Grieving for Annette has been a long process. There was no punctuated breakdown or day where I couldn’t get out of bed. Instead, it was as if there was a little sad cloud over me at all times, no matter how great my day was. I couldn’t shake the persistent sadness over my friend, and I didn’t want to shake it, either. Holding on to that feeling of loss was still holding on to my friend, so I didn’t mind that even the most fun days were curbed by a tinge of sadness. That was ok for me, and I lived like that for months. Maybe I’m still living like that.

Ever since her death, I wrote Annette’s initials on the inside of my left wrist. It was instinctual, really. I hadn’t planned on doing it or keeping it up, but every day when I woke up, I scrawled “a.c.” on my wrist and went about my day. When something went well, I’d smile at it. When I grinding through a chemo week, I’d look at it and feel stronger. When I was playing basketball and made a shot, I’d kiss it. This was a physical representation of my friend, and it gave me some peace. And it made me feel close to Annette.
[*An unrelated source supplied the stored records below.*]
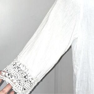 Sigrid Olsen Women’s Linen V-Neck Crochet Trim Swim Cover Up Large
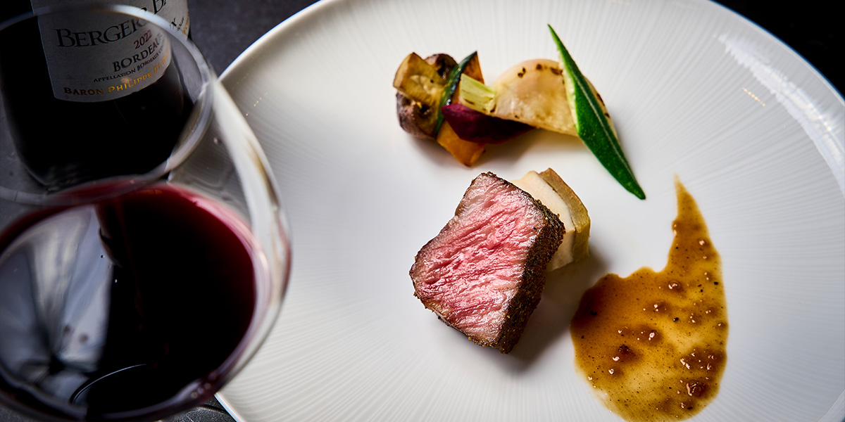 旬の食材を生かした料理を、一皿ずつ丁寧にご提供。前菜からメイン、デザートまでフルコースでお楽しみいただけます。
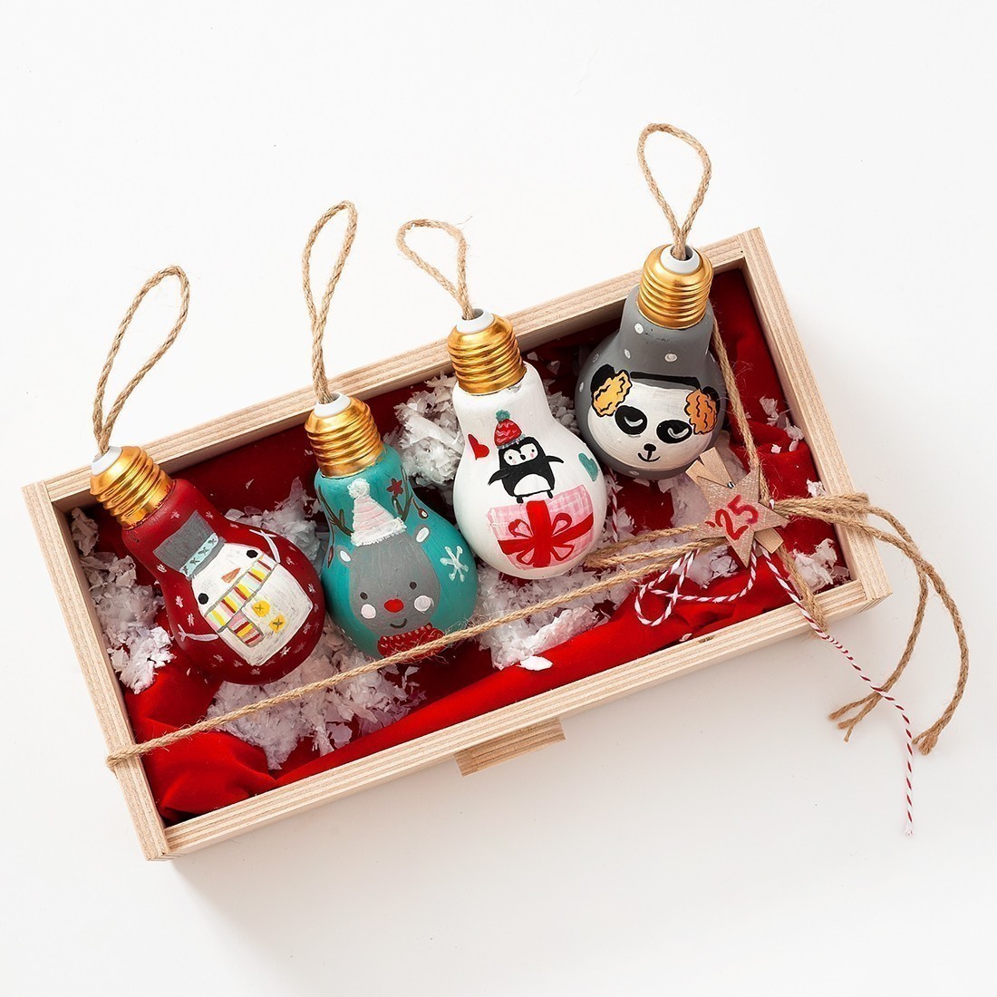 Χριστουγεννιάτικο σετ δώρου σε ξύλινο κουτί με plexiglass. Μέσα περιλαμβάνει 4 ζωγραφιστές Χριστουγεννιάτικες μπάλες σε σχήμα λάμπας (panda, χιονάνθρωπος, τάρανδος και πιγκουΐνος). Εξωτερικά είναι διακοσμημένο με ξύλινο μανταλάκι αστεράκι και κορδόνια.
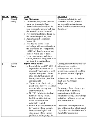 These notes cover the weekly topics discussed throughout MGX3100; Topic 1-2: Ethical Theory Topic 3: Shareholder Theory Topic 4: Stakeholder Theory Topic 5: Regulation Topic 6: Paternalism Topic 7: Corporate Governance Topic 8: Environment Topic 9: Sustainability Topic 10: Human Resource Management Topic 11-12: Marketing They provide both detailed outlines of the ethical theories covered along with case examples from each week with links back to the theory in which you can draw on when completing the final examination. These notes allowed me to have easily summarised notes of every topic in which I was able to draw upon when completing the final examination. This allowed me to score a HD for the unit and I believe they can do the same for you.
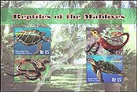 爬行动物,丽龟、变色树蜥、印第安狼蛇及大海龟小版张(4票)
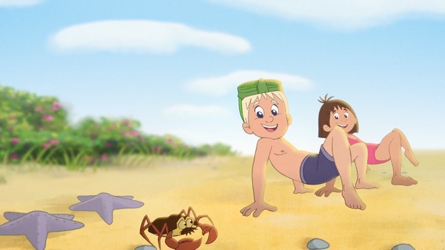 Tottes mormor har inviteret Lotte og Totte på stranden. Men Lotte er bange, for det er første gang, at hun er afsted uden mor og far. Det store hav er skræmmende, og hun vil helst ikke ud i vandet. Heldigvis har Totte dykkerbriller, og med dem kan man se alle de sjove ting, der er under vandoverfladen. Så mon Lotte prøver at dykke for første gang?
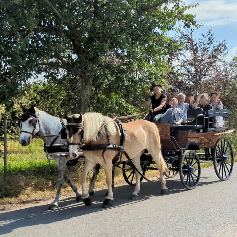 Gönnen Sie Ihrer Familie eine entspannte Kutschfahrt durch die wunderschöne Natur – perfekt für alle Altersklassen, inklusive Großeltern.
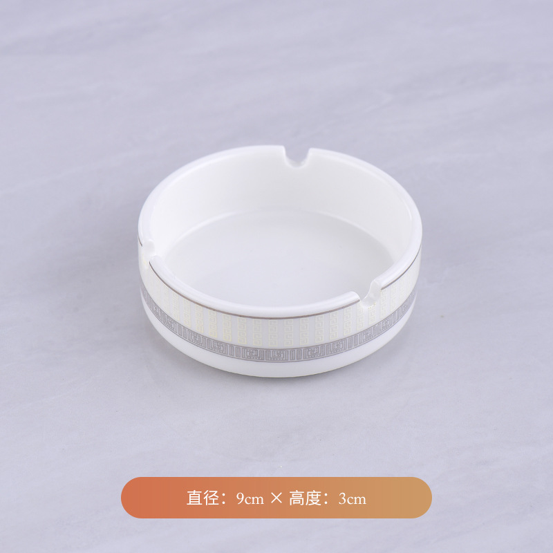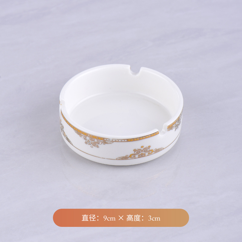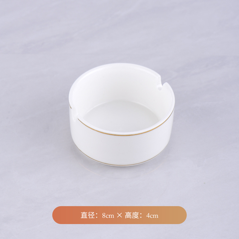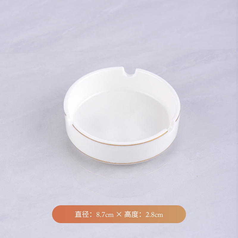 Wholesale pure white ceramic ashtray for hotels, guesthouses, bars, restaurants, and hotels, round gold-rimmed cigarette cup, supports custom logo.
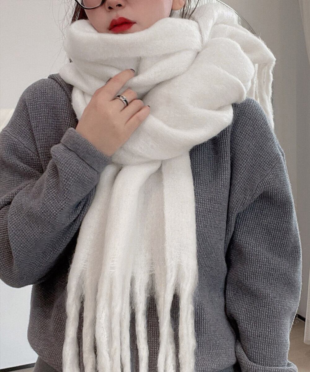 ボリューム ワイドマフラーフリンジ 無地

Yesterday, I made it permanent. I went to my favorite vegan tattoo artist, James Spooner (wonderful guy), and inked her initials on my wrist forever. I chose to do it in lower case, since that was how Annette wrote all of her personal emails. I also chose the font that she’d always use, Courier New.

I had some of my crew with me for the tattoo, including my parents and my buddies Stoney and Jordan. My mom asked James if the wrist was a particularly sensitive spot and if the tattoo was going to hurt. James responded: “Yeah, it’s probably going to suck.” I just smiled. First off, there’s no way it could be tougher than getting “Wunder” tattooed on my ribs, and I had already been there and done that. Secondly, I welcomed the moment when I was binding my body with the memory of Annette. I didn’t care how badly it hurt. I didn’t care if it bled. This tattoo was for my girl, and I embraced whatever came with getting it.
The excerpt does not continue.